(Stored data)
____
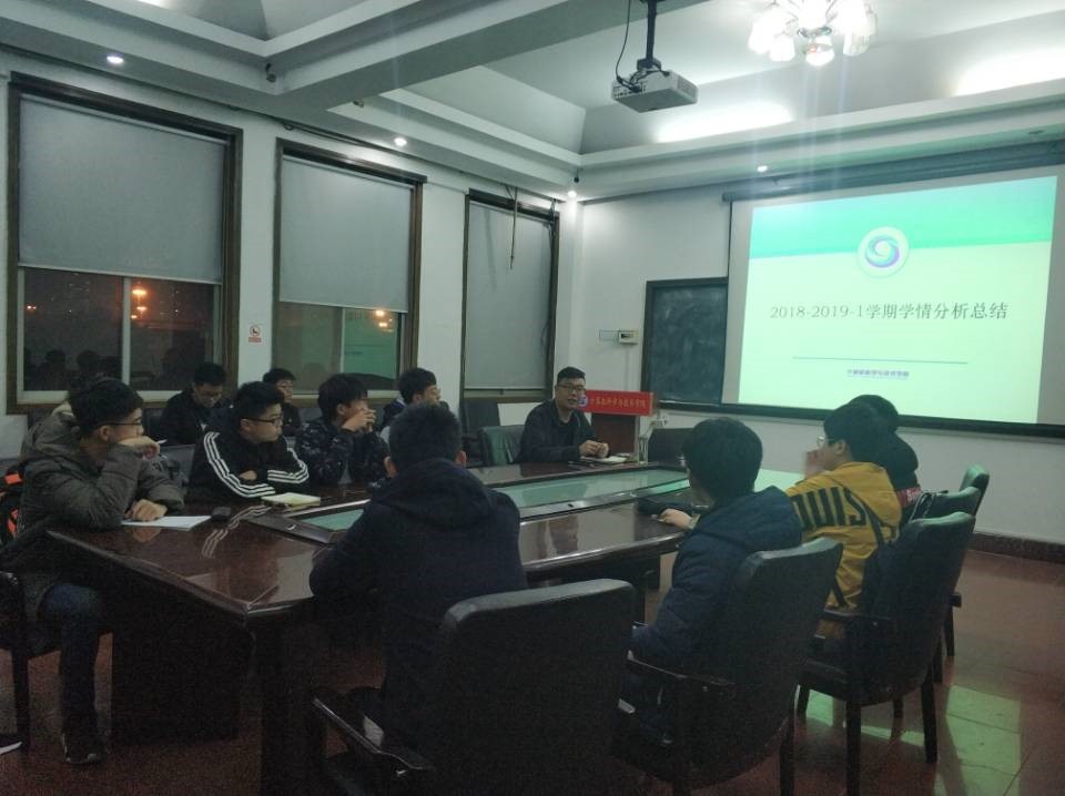 会议首先由周豪义老师对各班整体成绩进行简要概述,并以《员工手册》中班集体量化具体指标为依据,指出各班与标兵班集体、优秀班集体的数据差异以及本学期努力方向。随后,各班代表依次进行分享和总结,分别从整体成绩、高低分数段分布、存在问题、拟采取措施等方面进行详细的介绍。其中,三班学习委员梁俭锋同学就上学期采取的学习帮扶措施进行反思,讲到上学期重在提高同学们的编程能力而忽略了其他较难科目的督促,本学期有离散结构、线性代数、大学物理等新增的较难科目,应该加强对相关课程的关注。五班班长王汉成同学分享了上学期班级学风建设的优秀经验,如规范晚自习和课堂管理,通过严格的点名和签到制度,减少逃课逃自习的人数;周末班级组织集中自习、增加大家日常学习时间等。同学们深入探讨,相互交流,收获颇丰。
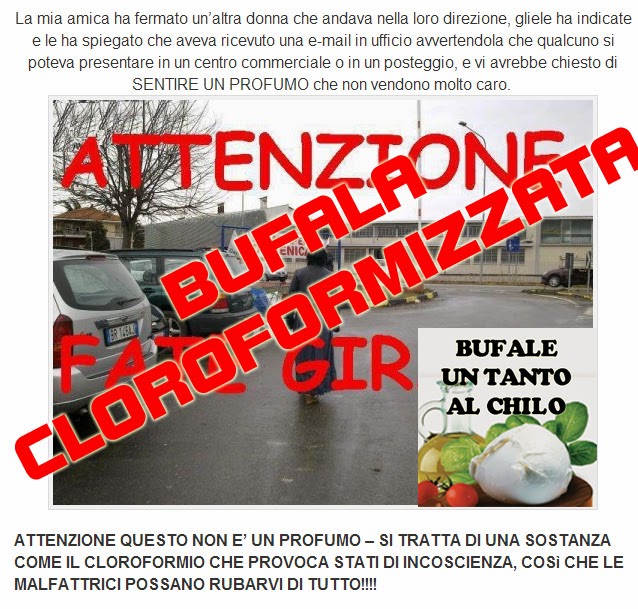 Stavolta hanno evitato di scadere nel razzismo omettendo la provenienza delle due truffatrici…ma la sostanza è la stessa. Giusto per dirla tutta, ma voi per sentire un profumo ve lo spruzzate su naso/bocca? A me hanno insegnato che si spruzza sul polso e lo si annusa da li…ma a parte questa considerazione…vi pare possibile che in posti affollati come i parcheggi dei centri commerciali ci siano due che vanno in giro ad addormentare la gente senza che nessuno se ne accorga? Vi pare sensato? A quel punto tanto vale che vi diano una botta in testa, tanto il risultato è lo stesso!
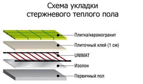 Примечание. Стержневая система – это совокупность отдельных греющих элементов, соединенных в единую схему. Выход из строя одного стержня не приводит к отказу всей схемы, обогрев пола не прекратится.
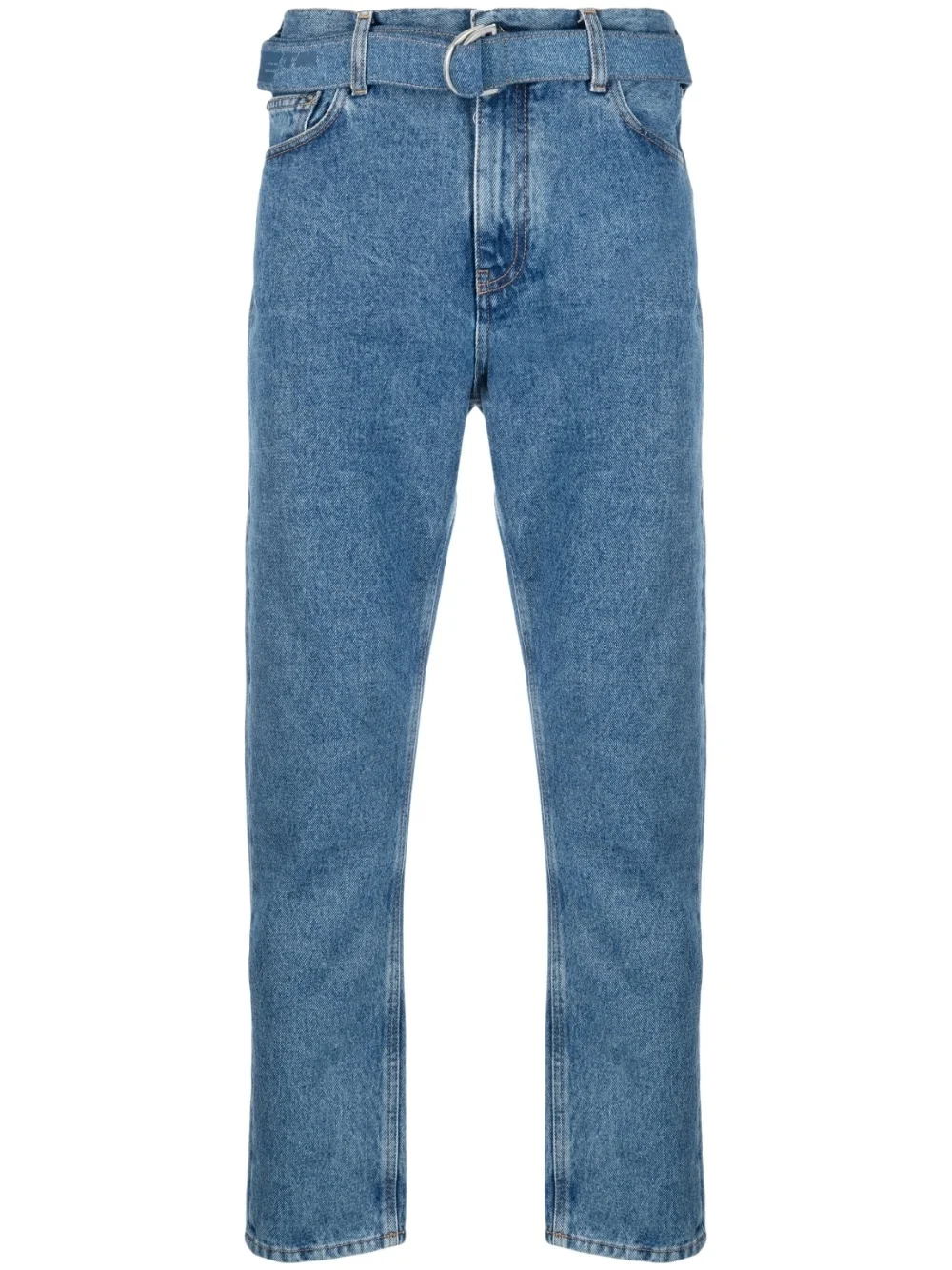 Indust slim-fit jeans Exhibiting Off-White's distinctive graphic-led style, these jeans are enhanced with a logo-print belt, drawing inspiration from the brand's iconic Industrial strap. Highlights - Blue - Cotton - Logo patch to the rear - Slim cut - Drop crotch - Classic five pockets - Belt loops - Belted waist - Signature industrial strap - Front button and zip fastening Made in Italy Composition Outer: Organic Cotton 100% Lining: Organic Cotton 100% SIZE & FIT Model measurements Height 6 ft 2 in(1.89 m) Bust/Chest 37.4 in(95 cm) Hips 35.03 in(89 cm) Waist 27.95 in(71 cm) FittingInformation Designed for a slim fit, these jeans offer a comfortable fit that sits just away from the leg The belt offers adjustability for fitted preferences Sturdy and hard-wearing, this denim piece offers no stretch This piece fits true to size – take your usual size Washing instructions Machine Wash
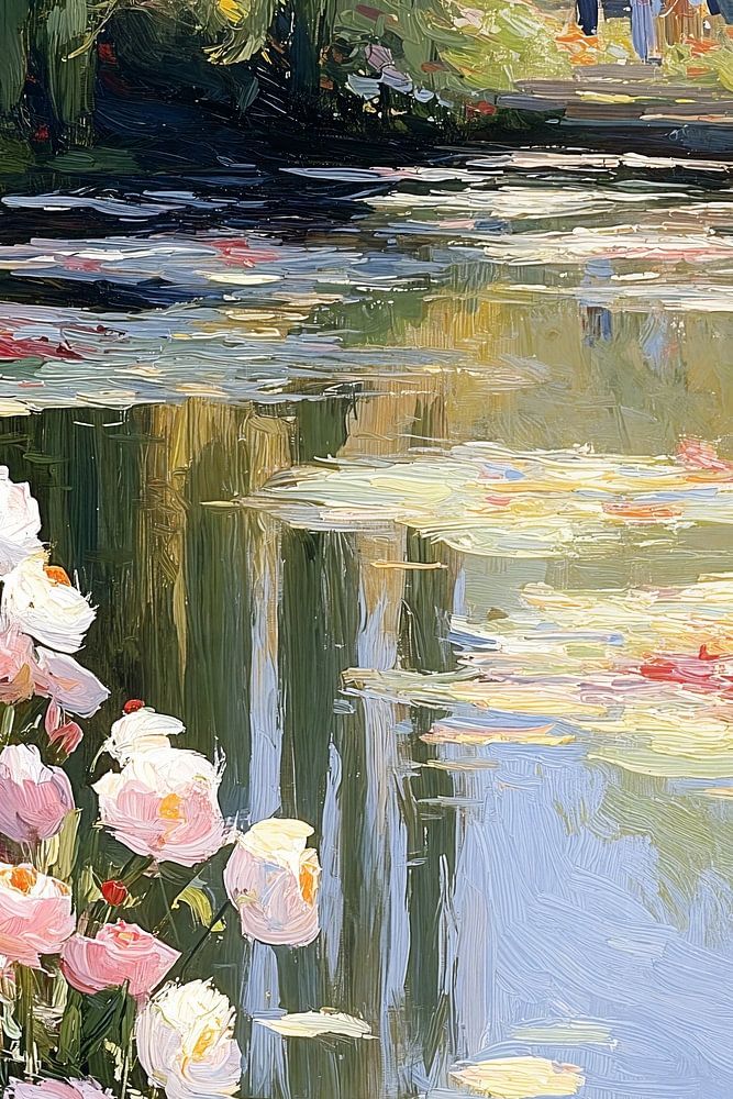 Een impressionistisch schilderij van een idyllische vijverscène met roze en witte rozen die langs de oever bloeien. Het wateroppervlak wordt versierd met waterlelies en weerspiegelt de omringende natuur in zachte, pastelachtige tinten. In de verte schemeren figuren op een pad tussen het groen, wat diepte en perspectief aan het geheel geeft.
____
> **Problem details**
Your answer must be the lines from the line containing "Indust slim-fit jeans" through the final line of the data, written out exactly, both ends included and pictures left out.

> **Exercise output**
 Indust slim-fit jeans Exhibiting Off-White's distinctive graphic-led style, these jeans are enhanced with a logo-print belt, drawing inspiration from the brand's iconic Industrial strap. Highlights - Blue - Cotton - Logo patch to the rear - Slim cut - Drop crotch - Classic five pockets - Belt loops - Belted waist - Signature industrial strap - Front button and zip fastening Made in Italy Composition Outer: Organic Cotton 100% Lining: Organic Cotton 100% SIZE & FIT Model measurements Height 6 ft 2 in(1.89 m) Bust/Chest 37.4 in(95 cm) Hips 35.03 in(89 cm) Waist 27.95 in(71 cm) FittingInformation Designed for a slim fit, these jeans offer a comfortable fit that sits just away from the leg The belt offers adjustability for fitted preferences Sturdy and hard-wearing, this denim piece offers no stretch This piece fits true to size – take your usual size Washing instructions Machine Wash
 Een impressionistisch schilderij van een idyllische vijverscène met roze en witte rozen die langs de oever bloeien. Het wateroppervlak wordt versierd met waterlelies en weerspiegelt de omringende natuur in zachte, pastelachtige tinten. In de verte schemeren figuren op een pad tussen het groen, wat diepte en perspectief aan het geheel geeft.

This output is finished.